▸ **Exercise description**:
Below is a listing. Quote from it, exactly, the lines from the one containing "ယင်းနောက် တိုင်းဒေသကြီးအဆင့် ဌာနဆိုင်ရာများက" down to the one containing "Професор Еберхард Хаунхорст", both ends included, and nothing else.

▸ **Study material**:

┌────────

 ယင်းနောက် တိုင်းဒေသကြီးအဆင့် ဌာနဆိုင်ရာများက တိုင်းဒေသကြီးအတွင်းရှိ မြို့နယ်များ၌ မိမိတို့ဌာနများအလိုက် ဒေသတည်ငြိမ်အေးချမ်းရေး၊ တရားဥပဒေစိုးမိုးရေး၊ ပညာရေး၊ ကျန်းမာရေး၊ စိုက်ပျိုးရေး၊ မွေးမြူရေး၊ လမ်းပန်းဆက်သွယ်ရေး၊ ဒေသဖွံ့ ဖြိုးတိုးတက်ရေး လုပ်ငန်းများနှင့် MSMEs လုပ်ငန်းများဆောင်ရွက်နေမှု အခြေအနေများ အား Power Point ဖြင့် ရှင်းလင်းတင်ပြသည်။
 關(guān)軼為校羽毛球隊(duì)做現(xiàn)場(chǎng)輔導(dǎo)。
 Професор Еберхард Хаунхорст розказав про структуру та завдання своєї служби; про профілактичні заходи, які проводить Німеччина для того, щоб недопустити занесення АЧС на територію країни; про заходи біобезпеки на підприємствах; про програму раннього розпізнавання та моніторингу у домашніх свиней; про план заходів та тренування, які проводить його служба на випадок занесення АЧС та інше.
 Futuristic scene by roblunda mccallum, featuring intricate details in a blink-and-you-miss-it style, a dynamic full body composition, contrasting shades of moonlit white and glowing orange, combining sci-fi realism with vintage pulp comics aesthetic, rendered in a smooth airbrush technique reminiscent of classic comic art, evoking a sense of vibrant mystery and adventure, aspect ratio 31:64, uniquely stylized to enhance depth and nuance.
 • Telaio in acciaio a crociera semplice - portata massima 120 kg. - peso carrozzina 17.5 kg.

└────────
┌────────

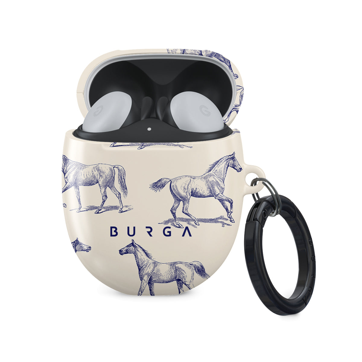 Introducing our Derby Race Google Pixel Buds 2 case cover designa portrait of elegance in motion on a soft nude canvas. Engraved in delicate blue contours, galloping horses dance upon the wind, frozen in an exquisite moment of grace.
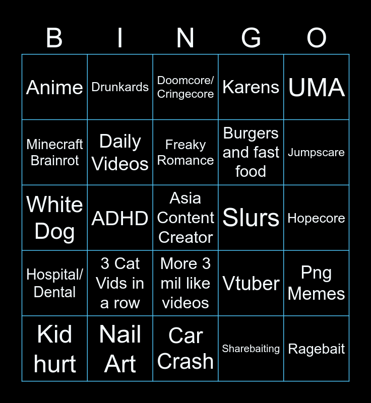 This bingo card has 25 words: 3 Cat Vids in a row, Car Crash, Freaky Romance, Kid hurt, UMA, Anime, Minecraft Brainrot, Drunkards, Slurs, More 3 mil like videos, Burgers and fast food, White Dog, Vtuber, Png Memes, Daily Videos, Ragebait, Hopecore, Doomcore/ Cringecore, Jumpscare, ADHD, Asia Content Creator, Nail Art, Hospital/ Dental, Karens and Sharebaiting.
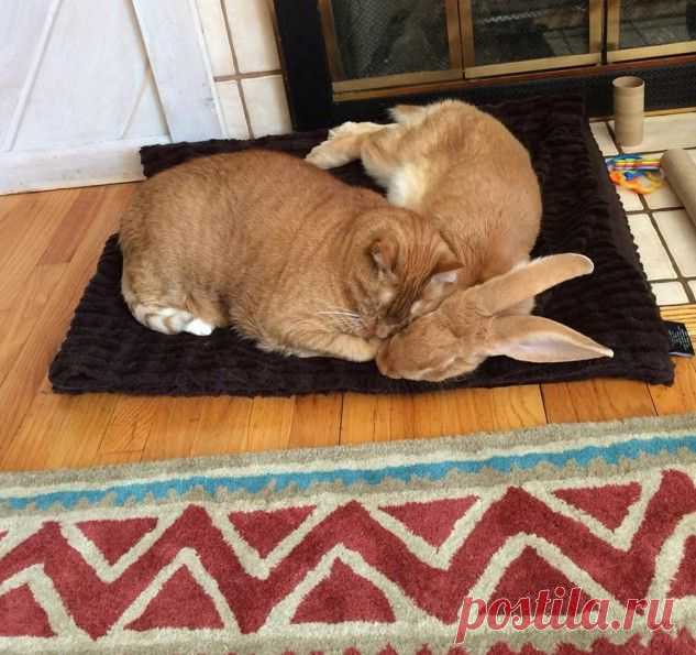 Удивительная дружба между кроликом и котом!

└────────
┌────────

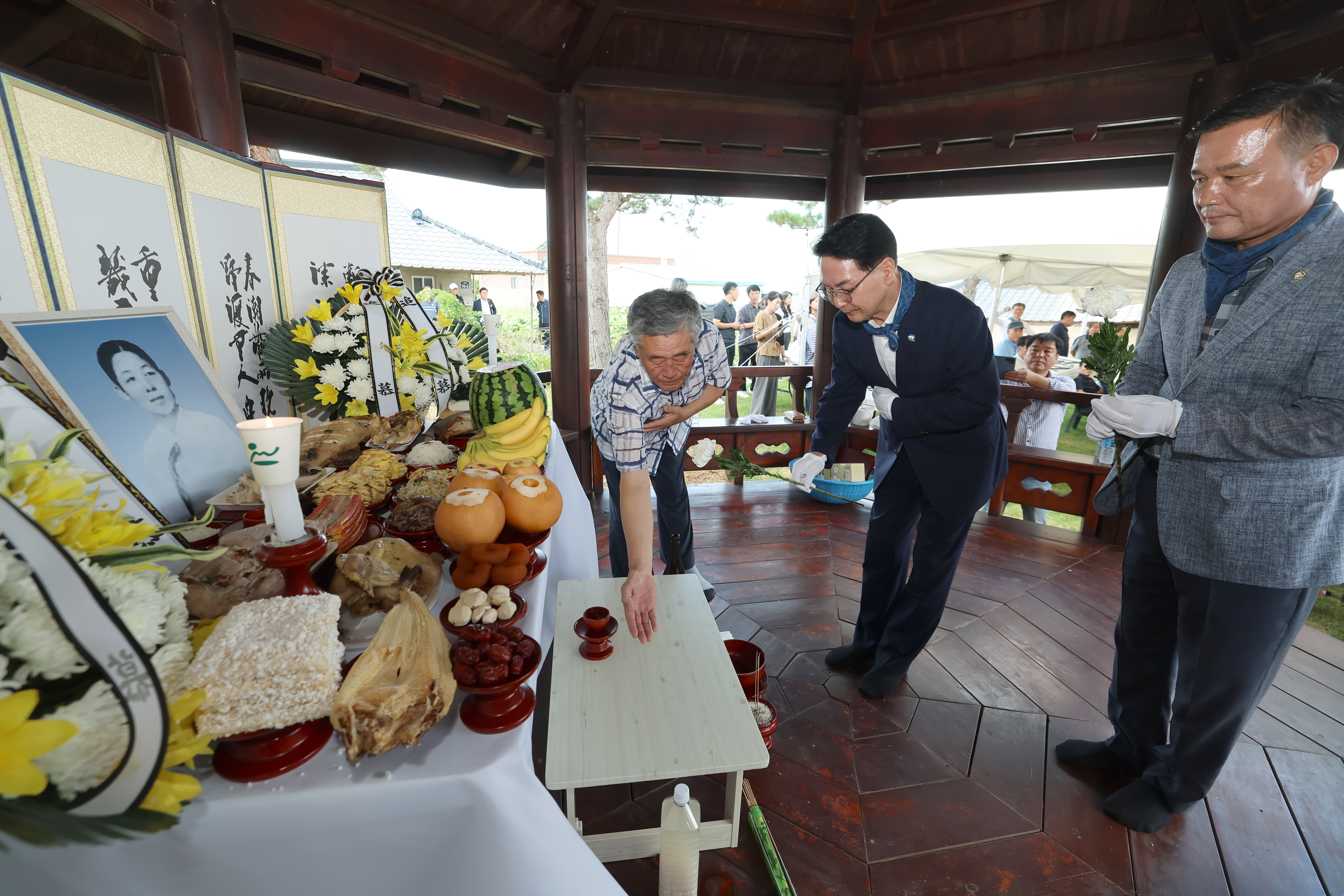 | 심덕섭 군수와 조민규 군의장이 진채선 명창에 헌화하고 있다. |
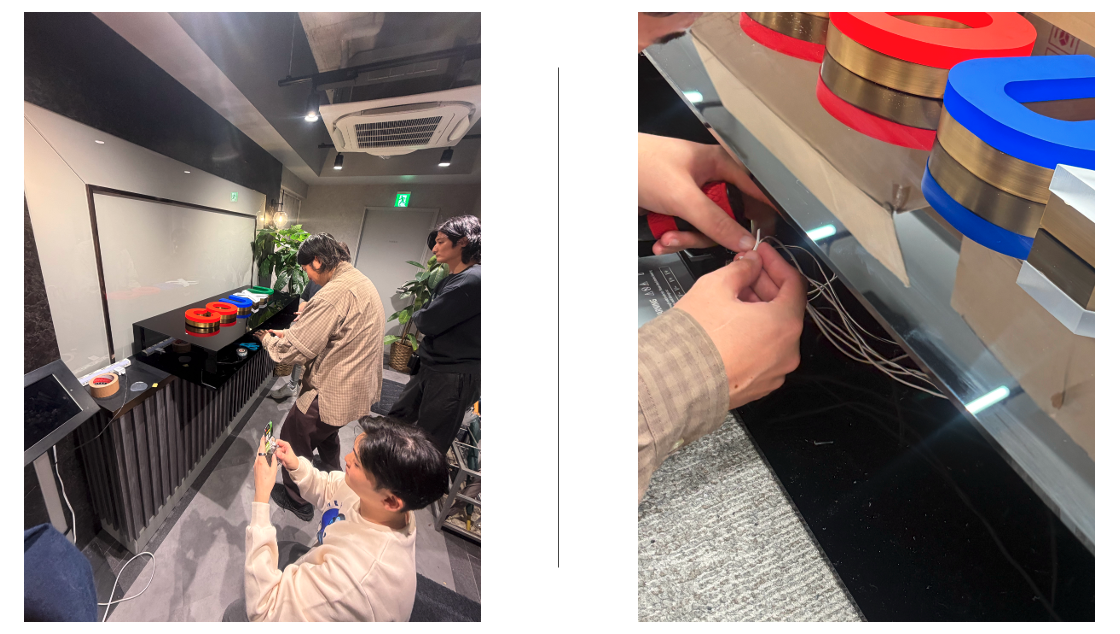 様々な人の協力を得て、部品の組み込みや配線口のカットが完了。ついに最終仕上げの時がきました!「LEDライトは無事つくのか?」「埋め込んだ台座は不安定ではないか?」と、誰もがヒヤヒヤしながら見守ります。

└────────

▸ **Expected answer**:
 ယင်းနောက် တိုင်းဒေသကြီးအဆင့် ဌာနဆိုင်ရာများက တိုင်းဒေသကြီးအတွင်းရှိ မြို့နယ်များ၌ မိမိတို့ဌာနများအလိုက် ဒေသတည်ငြိမ်အေးချမ်းရေး၊ တရားဥပဒေစိုးမိုးရေး၊ ပညာရေး၊ ကျန်းမာရေး၊ စိုက်ပျိုးရေး၊ မွေးမြူရေး၊ လမ်းပန်းဆက်သွယ်ရေး၊ ဒေသဖွံ့ ဖြိုးတိုးတက်ရေး လုပ်ငန်းများနှင့် MSMEs လုပ်ငန်းများဆောင်ရွက်နေမှု အခြေအနေများ အား Power Point ဖြင့် ရှင်းလင်းတင်ပြသည်။
 關(guān)軼為校羽毛球隊(duì)做現(xiàn)場(chǎng)輔導(dǎo)。
 Професор Еберхард Хаунхорст розказав про структуру та завдання своєї служби; про профілактичні заходи, які проводить Німеччина для того, щоб недопустити занесення АЧС на територію країни; про заходи біобезпеки на підприємствах; про програму раннього розпізнавання та моніторингу у домашніх свиней; про план заходів та тренування, які проводить його служба на випадок занесення АЧС та інше.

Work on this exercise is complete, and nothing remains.